Kendini yetiştirmePsikoloji

Spekülatif etkinlik ... Modern bilimde bu sürecin rolü

Her gün çevremizdeki dünyayı gözlemliyoruz ve kişisel kararlarımıza dayanarak sonuçlar çıkarıyoruz ve kendimizi bilmeden Ortaçağ'ın en büyük bilimsel keşif meyvasını kullanıyoruz.

Sık sık düşünüyor musun?

Bu sayıdan aklımızın yetenekleri hakkında bir yazı başlatmak istiyorum. Hepimiz biliyoruz ki, bize hemen hemen kesintisiz iki süreç var - bu bilinç ve bilinçaltı. Birincisi uyanıklık dönemlerinde sürekli olarak bizimle, ama ikincisi hemen hemen görünmez ve biz rüya görürken en aktif.

Çocukluk çağının sonundan itibaren, sürekli olarak bir şeyler düşünüyoruz, ancak düşüncenin zihnimizin genişlemelerinde gerçekleşen oldukça karmaşık bir süreçten kaynaklandığını bile fark etmiyoruz. Spekülatif etkinlik, sürekli olarak uğraştığımız bir şeydir ve bu süreç, felsefe ve psikoloji gibi bilim dallarında birkaç yüzyılda incelenmiştir. Her şeyin çok basit olduğu anlaşılıyor - sadece gördüklerimizi düşünüyoruz ve zaten bilimle uğraşıyoruz! Ama öyle değil.

"Spekülatif" kavramının tanımı nedir? Bu kelimenin eşanlamlısı zihinsel, ancak aynı zamanda soyut veya soyut. Bilimde rolü nedir? Bunu aşağıda konuşacağız.

Ne oldu peki?

Araştırma açısından bakıldığında, spekülatif etkinlik aklımızda böylesine bir süreçtir ve sonuç olarak yalnızca herhangi bir olgu ile hiçbir ilgisi olmayan kişisel duygulara dayalı sonuçlar çıkarılır.
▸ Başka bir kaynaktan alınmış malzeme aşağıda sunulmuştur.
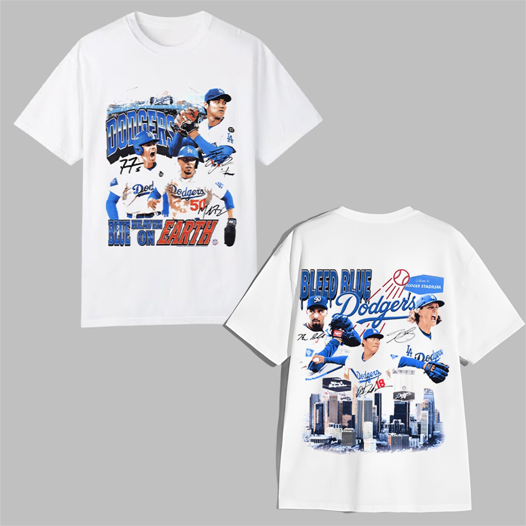 Front Design – “Blue Heaven On Earth”: The front of the shirt is a dynamic collage featuring the powerhouse trio of Shohei Ohtani (17), Mookie Betts (50), and Freddie Freeman. Each player is captured in an action shot, layered with their signatures and the iconic “Dodgers” script. The bold declaration “BLUE HEAVEN ON EARTH” anchors the design, a phrase every true fan understands to their core.

Bunu bir örnekle teyit etmeye çalışalım. Diyelim ki toplu taşıma araçlarında çalışıyoruz ve yanımızdaki bir kadın, yanımıza oturuyor, yüzük parmağının üzerinde hiçbir düğün yok. Ve bir nedenden dolayı bu gerçeğe meraklıyız ve alınan bilgiyi zihinsel olarak arttırmaya başlıyoruz: sağdaki süsleri süssüz ise bu nedenle - evli değil. Böyle bir sonuç nerden çıktı? Sadece bilincimizden. Belki de kuyumcuya ya da bu tür başka bir şey yapmıştı, ancak spekülasyon sürecimizi başlatmış durumdayız. Ve belki de, bu kadına bildirimde bulunarak, onun fikrini değiştirebiliriz.

Bilim ve Din Yerleşimi

Spekülatif etkinliğin yüzyıllar boyunca felsefi tüm öğretilerin temelini oluşturması şaşırtıcıdır. Varlığımızın özü hakkında bize bilgi veren herhangi bir kaynak, hiçbir şekilde gerçeklere dayanmayan ve pratik anlamları olmayan sıradan çıkarımlardan başka bir şey değildir. Ne antik zamanlarda, ne Ortaçağ'da, ne de şimdi, yüksek teknolojilerin refahı boyunca, hayatını bütün haklarını aramaya adamış en deneyimli filozof bile, bu öğretilerin sonuçlarını gerçeklerle destekleyemez.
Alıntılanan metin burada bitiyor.